# GNC brewer's yeast?



## wishIwereAnExpert (Jul 18, 2005)

I've recently been doing a lot of research to squeeze a little more production out of my FF cultures, as I'm running out of space in the frog food cabinet, and don't want my frog collection to be limited by food availability.

Anyway, I've done a couple things that really helped, such as grinding my potato flakes and putting sourdough starter on top of the media. 

Another recommendation I've heard about is using the more expensive GNC brewer's yeast in a clear glass jar. Can anyone help me find this? I've looked in two GNC's, and also on their website, to no avail. Right now, I am using the 500 tablets in a grey jar from GNC (link), grinding them up in the food processor. So, where is this nicer stuff?

-Solly


----------



## nburns (May 3, 2005)

I've gotten brewer's yeast from them before in a powder form but it is in a greenish/blue bottle not a glass jar. I would think that you could at least find that and not have to grind up a bunch of pills. Good luck!


----------



## sports_doc (Nov 15, 2004)

http://www.allstarhealth.com/de_p_ref/1 ... _Yeast.htm

This is the "glass jar" stuff that was at some point sold at GNC, but does not appear to be any longer.

Good luck.

S





wishIwereAnExpert said:


> I've recently been doing a lot of research to squeeze a little more production out of my FF cultures, as I'm running out of space in the frog food cabinet, and don't want my frog collection to be limited by food availability.
> 
> Anyway, I've done a couple things that really helped, such as grinding my potato flakes and putting sourdough starter on top of the media.
> 
> ...


----------



## audioandroid (Mar 13, 2005)

nburns said:


> I've gotten brewer's yeast from them before in a powder form but it is in a greenish/blue bottle not a glass jar. I would think that you could at least find that and not have to grind up a bunch of pills. Good luck!

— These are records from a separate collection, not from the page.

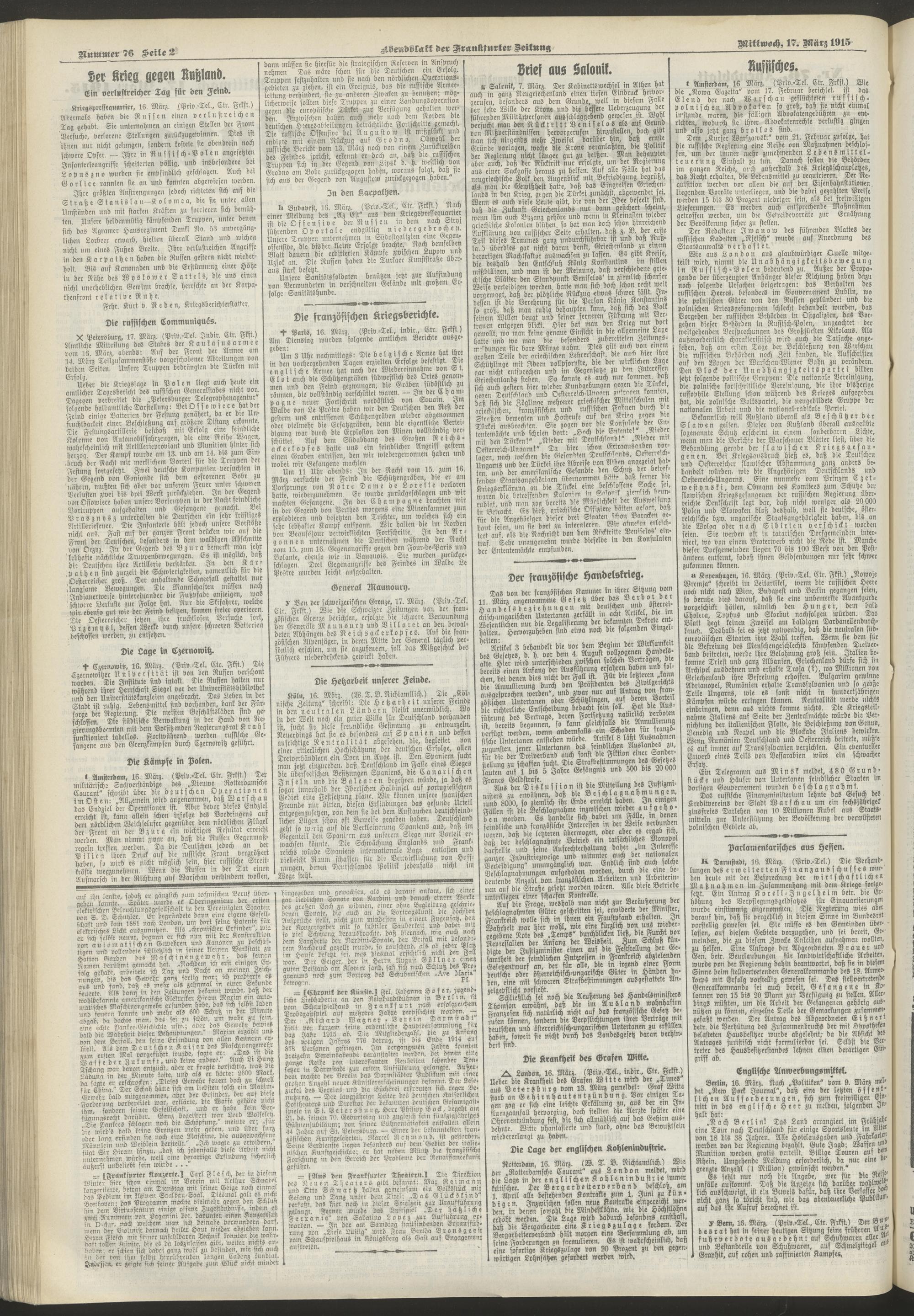 17.03.1915 = Nr. 76. Abendblatt
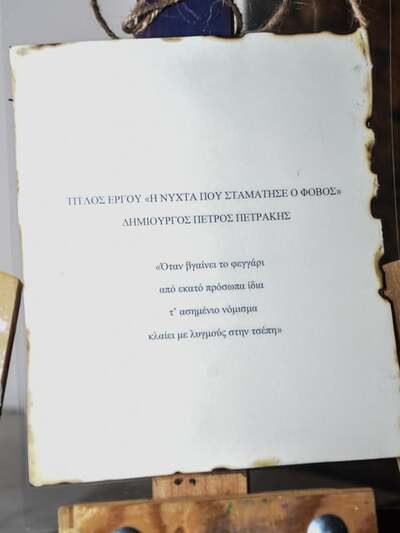 Παράλληλα, στο φουαγιέ του θεάτρου παρουσίασαν έργα τους εμπνευσμένα από την παράσταση οι παρακάτω μαθητές του τμήματος ζωγραφικής ενηλίκων του εκπαιδευτηρίου Kidit – Κέντρο Γλώσσας Πολιτισμού και Μελέτης με την επιμέλεια της δασκάλας τους Παναγιώτας Νικολάου: Μαρία Θεοδωροπούλου, Σημέλα Καράμπελα, Γωγώ Κοτέρη, Πέτρος Πετράκης, Αρετή Τζίφα και ο μικρός Θανάσης Ζησιμόπουλος.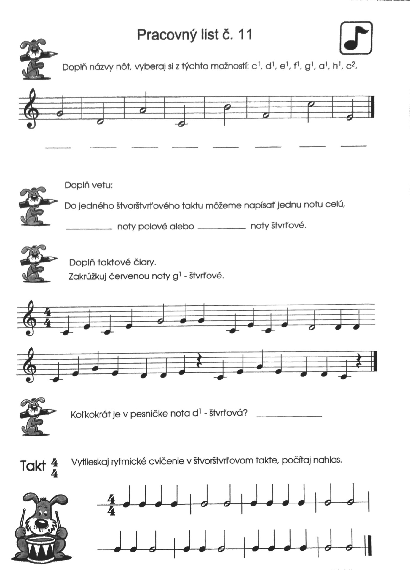 V tomto týždni budeme pokračovať v ďalšom pracovnom liste - č. 11, kde je potrebné správne podpísať noty od c1 po c2 a vedieť popočítať noty v 4/4 takte.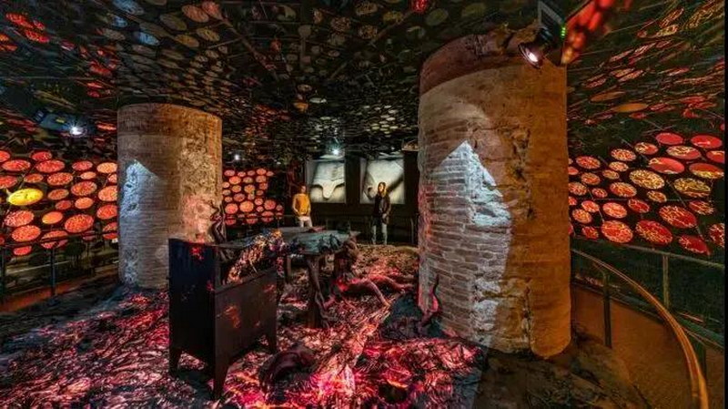 在Gaudí Dome圓形展廳中,設置有1000多面圓形鏡面屏幕,21聲道環繞立體聲全方位打造一個高迪意識中的自然界。視覺、嗅覺、聽覺、味覺、觸覺……無不引領我們穿越過去和未來,觸摸微觀和宏觀,發現與探索高迪建筑設計中各種細節的靈感來源。

i use the same from GNC the powder in the blue bottle. seems to work fine. i've never seen another option in powder form.


----------



## Guest (Jun 11, 2006)

*Brewer's Yeast*

Try a health food store. I bought a large tin of the powered form for $28 at a local health food store. No grinding! 

I have found something useful for grinding the vitamins I dust with. It's called the Magic Bullet http://www.homelandhousewares.com/index.php I usually don't buy stuff from infomercials but I needed a blender anyway. The grinder works well and so does the blender.


----------



## Ed Martin (Mar 25, 2004)

Solly, try looking on http://www.bulkfoods.com it is the same stuff I used to get at GNC in the glass jar for a lot less. The only thing is that you have to buy at least 5lbs..... but it goes pretty fast. 
Ed


----------